Are Nofollow Links really not useful in SEO?

It is the search engine’s definitions of black hat that is important. I don’t have a definition because I am not a search engine.

As for natural links all being relevant. Why would anyone create a link to someone else’s site unless it were relevant in some way. If you don’t think all natural links are relevant then your definition of relevant is too narrow.

anything that is restricted by nofollow is traffic
anything that is restricted by follow is ranking
anything that is restricted by none is plain (SE) crawling

So you can state categorically that links from what you call ‘black hat’ sites are ‘worthless’ but you can’t actually define a black hat site. This would be useful for you to do because we’d all like to know why google would ‘totally discount links’ from these sites.

Can you give us an example of a link that would be ‘totally discounted’?

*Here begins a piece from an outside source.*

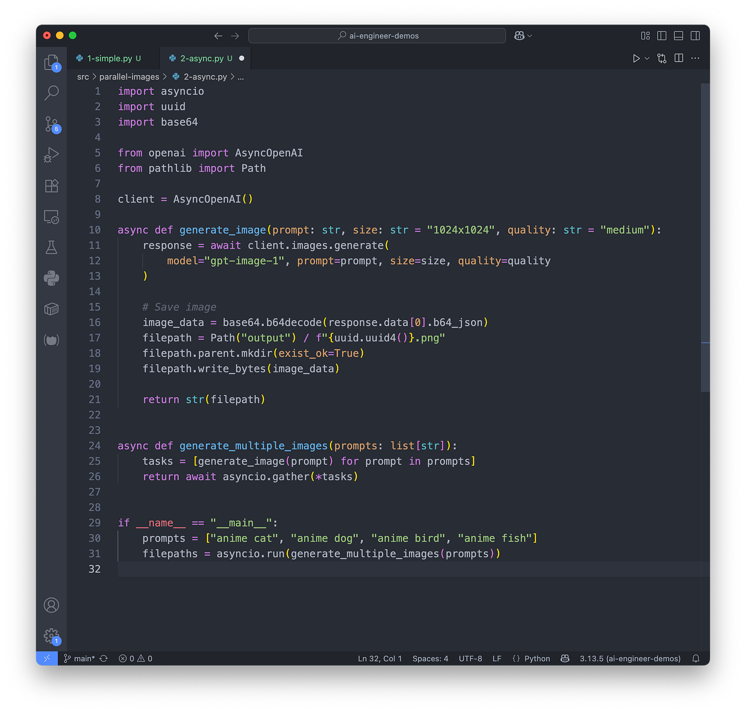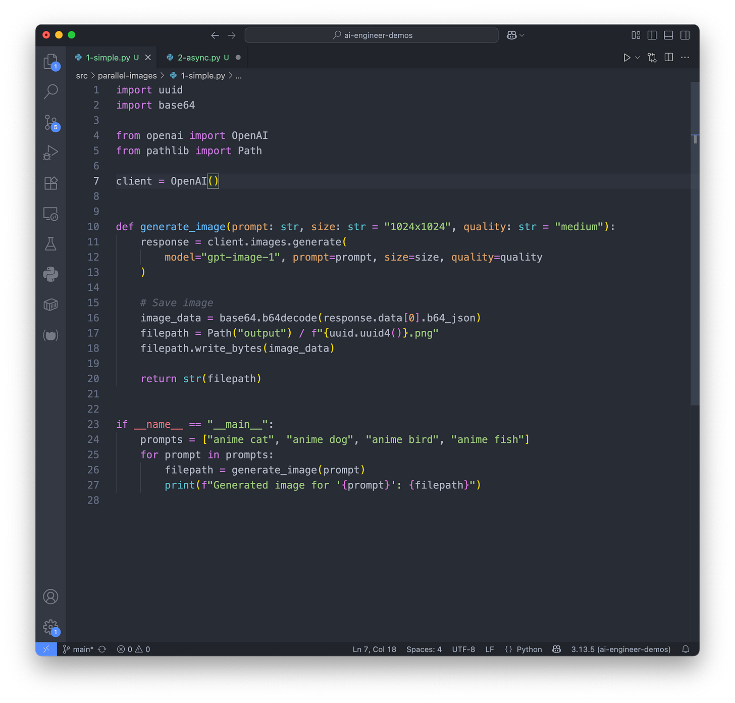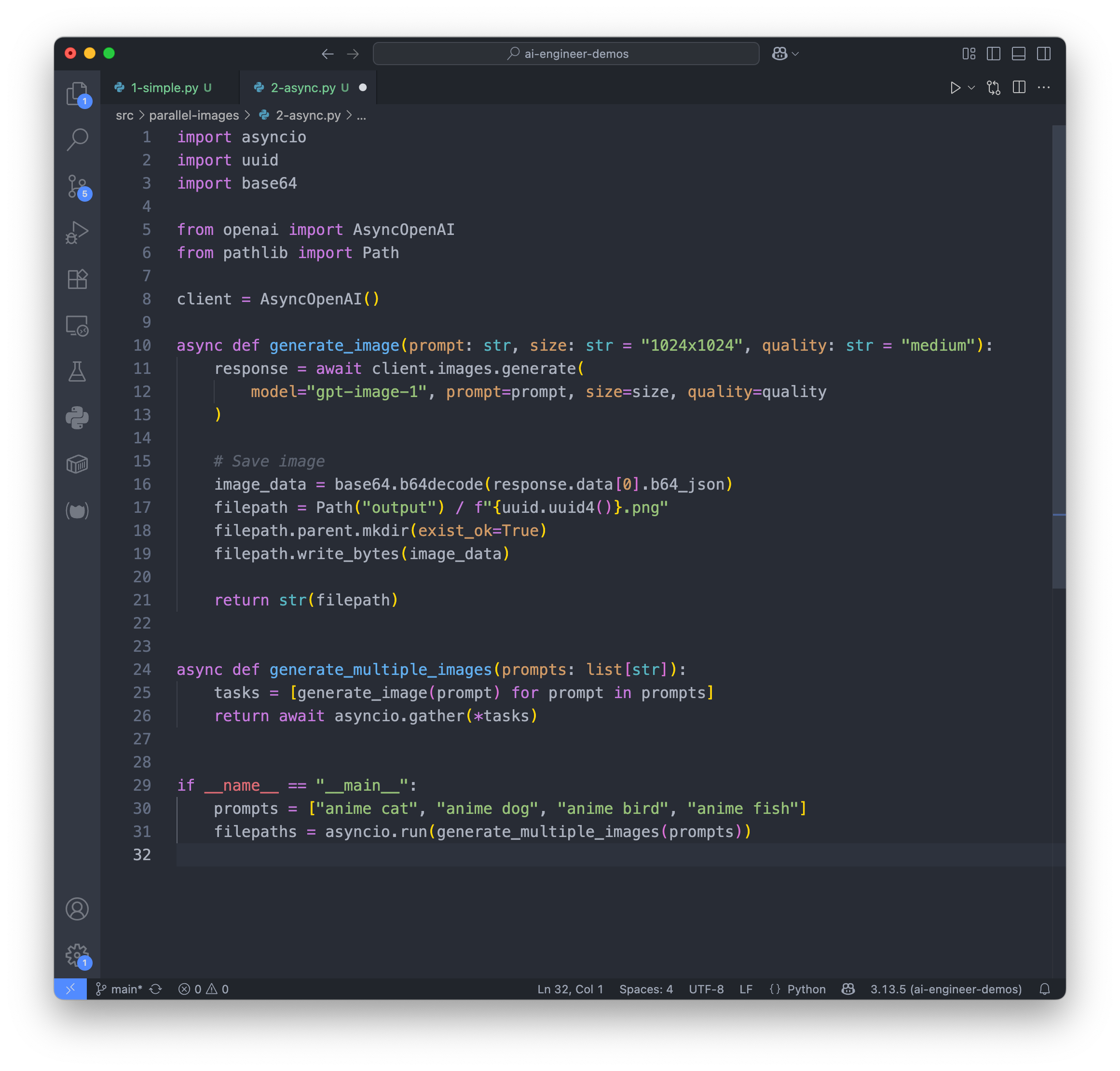 When generating many images sequentially, that wait time quickly adds up. Thankfully OpenAI provide an async version of their API client that can drastically speed up our code.

I see, so you’re basically using the word ‘relevant’ with such a catch all meaning that anything you say using it will most likely be correct AND, given that you’re asking a question, this is just a theory you have about relevant links and you don’t actually have an practical experience in link building?

I juts want to know with what authority you’re making these definite statements Stephen, do you do SEO for a living?

Do you work for Google? If not then you are in the same position as everyone else who doesn’t work for Google in not knowing what Google consider to be a black hat site that they are going to ban from their search results.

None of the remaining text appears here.